◆ **Records provided**:
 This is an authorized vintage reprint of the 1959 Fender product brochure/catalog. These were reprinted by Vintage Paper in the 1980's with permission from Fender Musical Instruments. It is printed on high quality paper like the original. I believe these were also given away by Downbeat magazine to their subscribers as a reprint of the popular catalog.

...

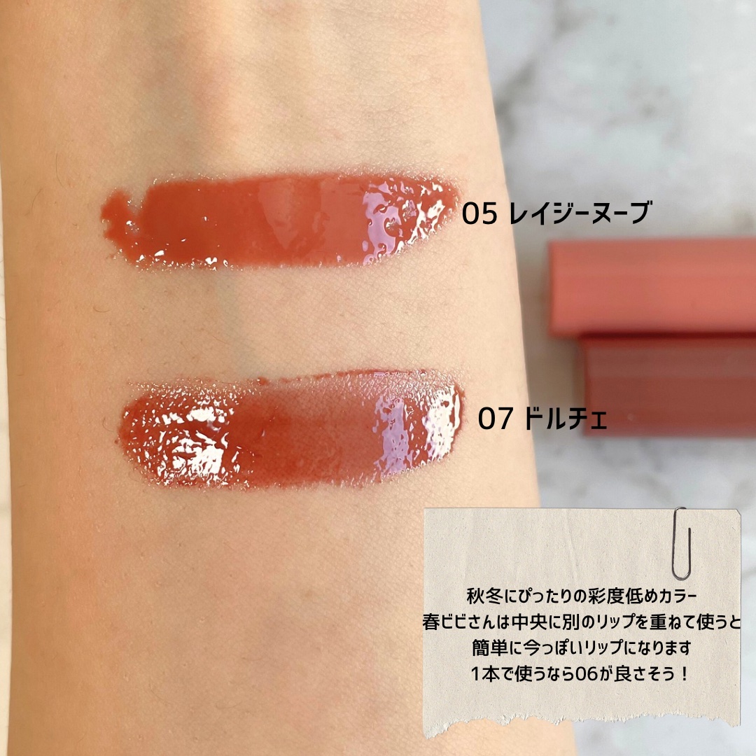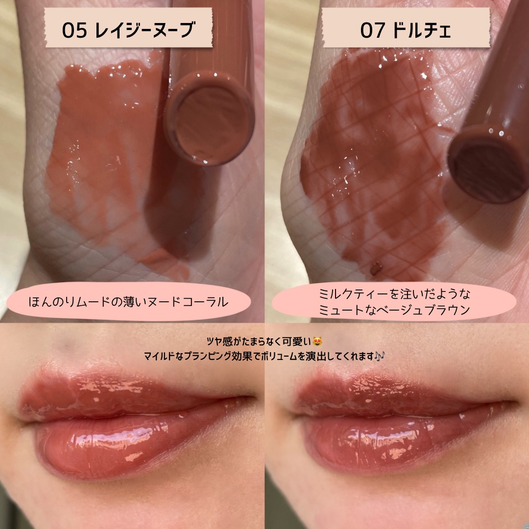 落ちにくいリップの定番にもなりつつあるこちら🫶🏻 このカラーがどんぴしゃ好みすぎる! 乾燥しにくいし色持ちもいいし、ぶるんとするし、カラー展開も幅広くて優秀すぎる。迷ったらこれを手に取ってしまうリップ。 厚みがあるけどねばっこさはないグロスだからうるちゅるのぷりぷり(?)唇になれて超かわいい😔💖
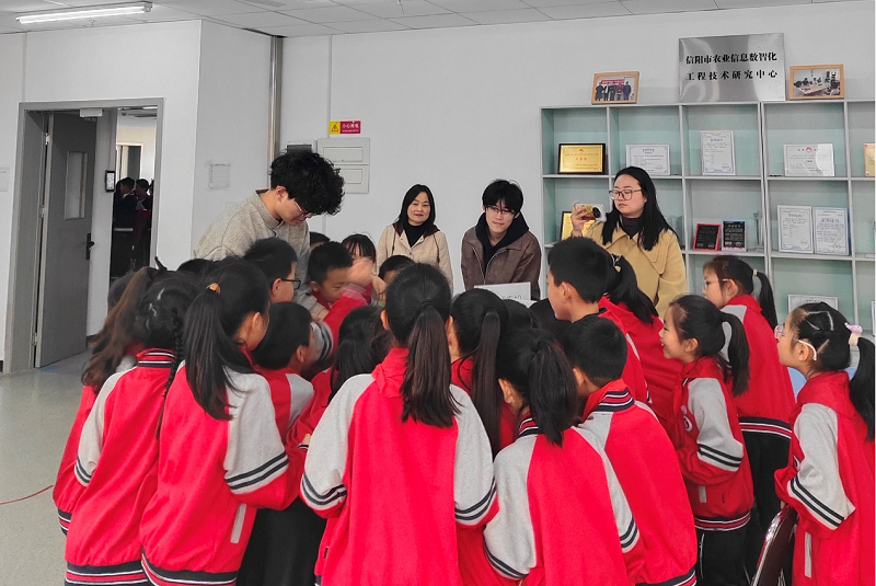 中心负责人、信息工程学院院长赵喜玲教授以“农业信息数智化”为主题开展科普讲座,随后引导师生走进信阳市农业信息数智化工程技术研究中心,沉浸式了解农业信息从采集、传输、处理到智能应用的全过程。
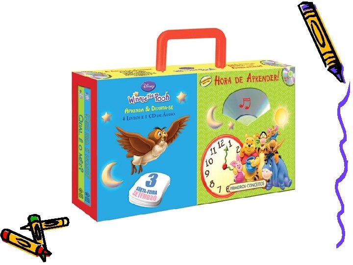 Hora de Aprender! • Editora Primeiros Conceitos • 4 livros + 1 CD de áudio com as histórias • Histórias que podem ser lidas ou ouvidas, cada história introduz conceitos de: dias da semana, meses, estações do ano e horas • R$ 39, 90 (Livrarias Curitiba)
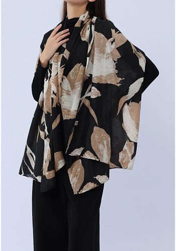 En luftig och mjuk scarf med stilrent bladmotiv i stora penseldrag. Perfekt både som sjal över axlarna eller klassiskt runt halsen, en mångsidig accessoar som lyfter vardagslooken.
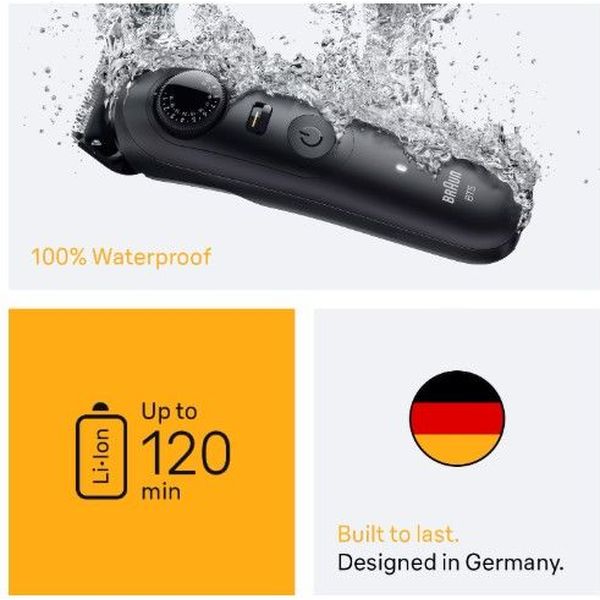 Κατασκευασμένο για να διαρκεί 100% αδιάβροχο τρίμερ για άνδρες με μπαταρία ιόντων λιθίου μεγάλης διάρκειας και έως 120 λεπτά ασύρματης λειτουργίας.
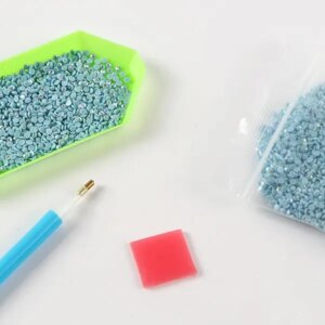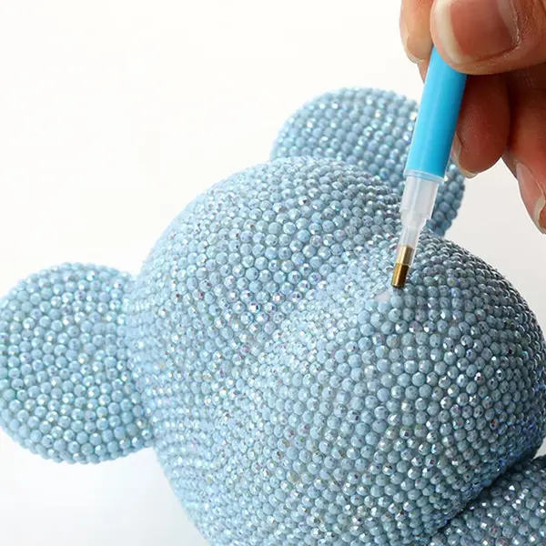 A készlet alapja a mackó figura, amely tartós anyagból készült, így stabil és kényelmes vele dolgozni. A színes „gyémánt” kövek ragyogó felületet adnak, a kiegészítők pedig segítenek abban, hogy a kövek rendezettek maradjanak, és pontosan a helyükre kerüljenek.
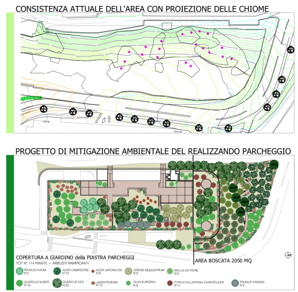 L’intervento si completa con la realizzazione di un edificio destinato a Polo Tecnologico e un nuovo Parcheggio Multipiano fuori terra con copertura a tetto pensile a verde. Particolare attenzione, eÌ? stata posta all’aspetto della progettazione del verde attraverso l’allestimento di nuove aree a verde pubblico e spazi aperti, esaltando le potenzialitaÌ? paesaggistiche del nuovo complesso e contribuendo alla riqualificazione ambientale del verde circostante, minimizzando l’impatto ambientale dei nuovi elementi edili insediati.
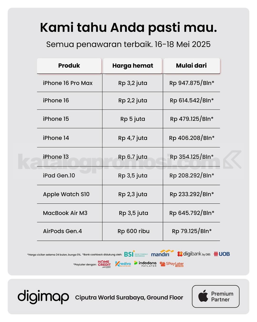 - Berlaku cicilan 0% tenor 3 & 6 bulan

◆ **About this exercise**:
Copy out exactly the material that runs from the line with "中心负责人、信息工程学院院长" to the line with "- Berlaku cicilan 0% tenor 3 & 6 bulan", ends included, and leave the pictures behind.

◆ **Answer to the problem**:
 中心负责人、信息工程学院院长赵喜玲教授以“农业信息数智化”为主题开展科普讲座,随后引导师生走进信阳市农业信息数智化工程技术研究中心,沉浸式了解农业信息从采集、传输、处理到智能应用的全过程。
 Hora de Aprender! • Editora Primeiros Conceitos • 4 livros + 1 CD de áudio com as histórias • Histórias que podem ser lidas ou ouvidas, cada história introduz conceitos de: dias da semana, meses, estações do ano e horas • R$ 39, 90 (Livrarias Curitiba)
 En luftig och mjuk scarf med stilrent bladmotiv i stora penseldrag. Perfekt både som sjal över axlarna eller klassiskt runt halsen, en mångsidig accessoar som lyfter vardagslooken.
 Κατασκευασμένο για να διαρκεί 100% αδιάβροχο τρίμερ για άνδρες με μπαταρία ιόντων λιθίου μεγάλης διάρκειας και έως 120 λεπτά ασύρματης λειτουργίας.
 A készlet alapja a mackó figura, amely tartós anyagból készült, így stabil és kényelmes vele dolgozni. A színes „gyémánt” kövek ragyogó felületet adnak, a kiegészítők pedig segítenek abban, hogy a kövek rendezettek maradjanak, és pontosan a helyükre kerüljenek.
 L’intervento si completa con la realizzazione di un edificio destinato a Polo Tecnologico e un nuovo Parcheggio Multipiano fuori terra con copertura a tetto pensile a verde. Particolare attenzione, eÌ? stata posta all’aspetto della progettazione del verde attraverso l’allestimento di nuove aree a verde pubblico e spazi aperti, esaltando le potenzialitaÌ? paesaggistiche del nuovo complesso e contribuendo alla riqualificazione ambientale del verde circostante, minimizzando l’impatto ambientale dei nuovi elementi edili insediati.
 - Berlaku cicilan 0% tenor 3 & 6 bulan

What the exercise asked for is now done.